I hate to be a downer in This Week In Anime, especially since I know a lot of people really like Pacific Rim. But all I can do is offer a shrug at Pacific Rim: The Black. Even this year alone, Back Arrow showed how you can take personalized mechs and make it breezy, energetic and fun while still having a tense politically-charged storyline and memorable characters. And next month, Trigger's gonna drop a sequel series to its beloved, emotional SSSS.Gridman in the form of SSSS.Dynazenon. So from where I'm standing, all PR:TB has going for it is jingling giant-robot-shaped keys in my face. I'd hate to be so down on this when someone put their very beloved OC Mei into the show, but even she just feels like someone's Oni OC.

I deeply, painfully wished I liked anything with the words "Pacific Rim" on it more than I do. But Pacific Rim: The Black just can't manage it.

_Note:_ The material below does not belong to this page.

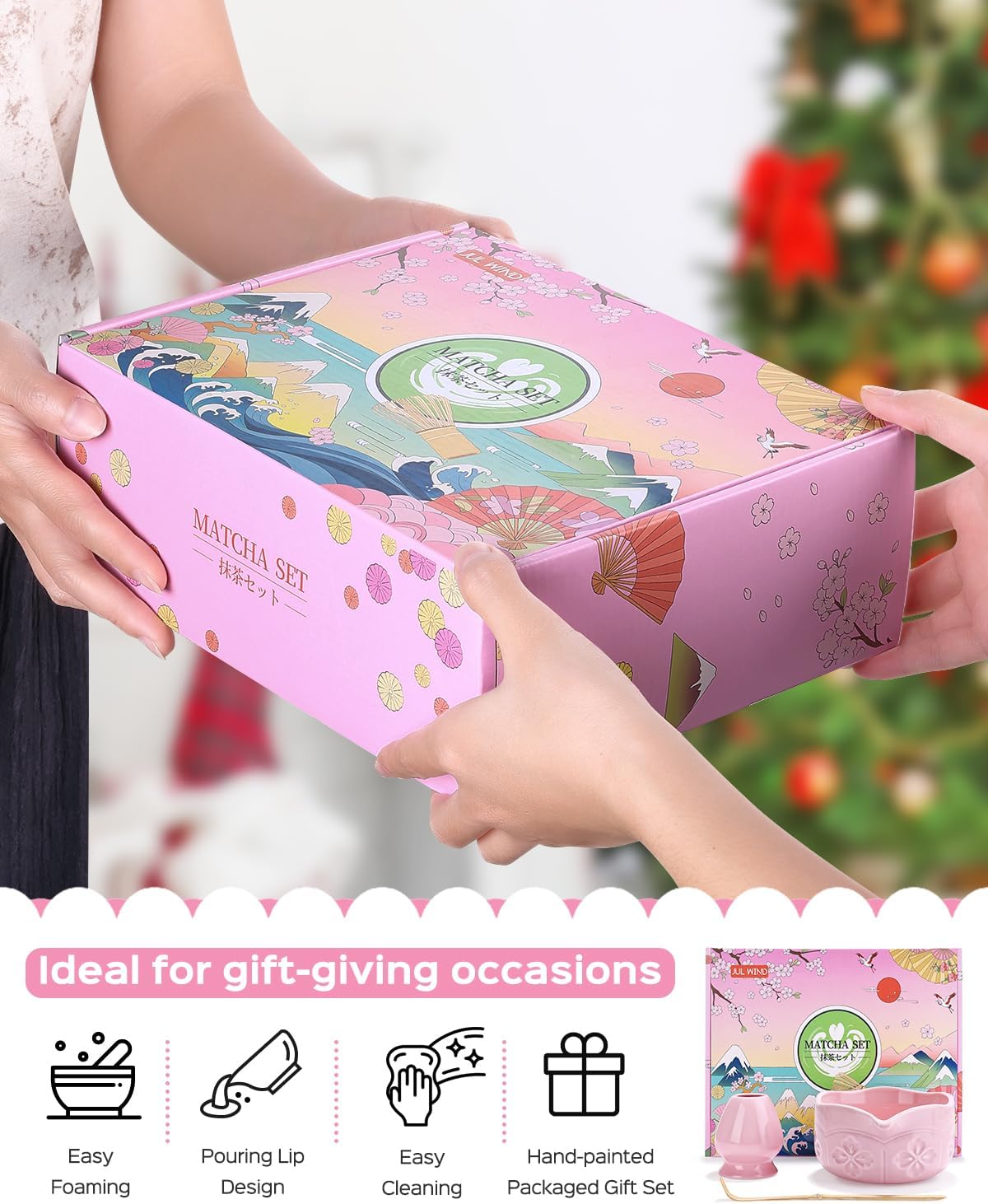• The Ideal Matcha Gift Set: Curated as a functional work of art, this matcha set reflects timeless craftsmanship—from the traditionally made tools to the hand-painted gift box.It bridges traditional Japanese tea culture with modern elegance, honoring heritage while serving as a practical statement of refined living. Whether gifted or kept for personal ritual, this set offers a tangible piece of culture and a moment of mindful practice every day.
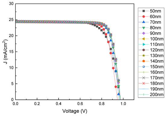 Figure 8 exhibits the current density-voltage (J–V) graphs for different ETL (TiO2) thicknesses, and Figure 9 shows the effects of ETL thickness on Voc, Jsc, FF, and PCE. As shown in Figure 9d, PCE increases with ETL thickness until the thickness of the ETL layer reaches 100 nm and decreases afterwards. The maximum PCE of 19.30% is observed at an ETL thickness of 100 nm. An overly thin ETL leads to leakage current and device failure due to discontinuity. Therefore, as the thickness increases up to 100 nm, the efficiency also increases. After reaching the maximum of 19.30% at 100 nm, the PCE efficiency decreases with an increasing ETL thickness because, similar to the HTL, the charging resistance and series resistance rapidly increase with the ETL thickness, resulting in a decrease in PCE due to absorption loss [69,70].

I feel like it has less to do with Pacific Rim as a concept and more to just PR:TB going through the same Netflix CGI anime beats as any other Netflix CGI show. The direction doesn't stand out enough, the characters aren't allowed to emote because of the constraints of the animation, and any pathos that's there gets lost in favor of moving the plot forward. There's never a true victory out in the Blackout Zone, and unlike something like Japan Sinks 2020, it doesn't really settle long enough for us to feel like it's saying anything about that.

Also, all of this just makes me upset that I'm not getting the CGI monster show I actually want to watch next season: Godzilla Singular Point!! Curse you Netflix Jail!!!
I think Mei might have some sage wisdom for us. Mei, you got anything?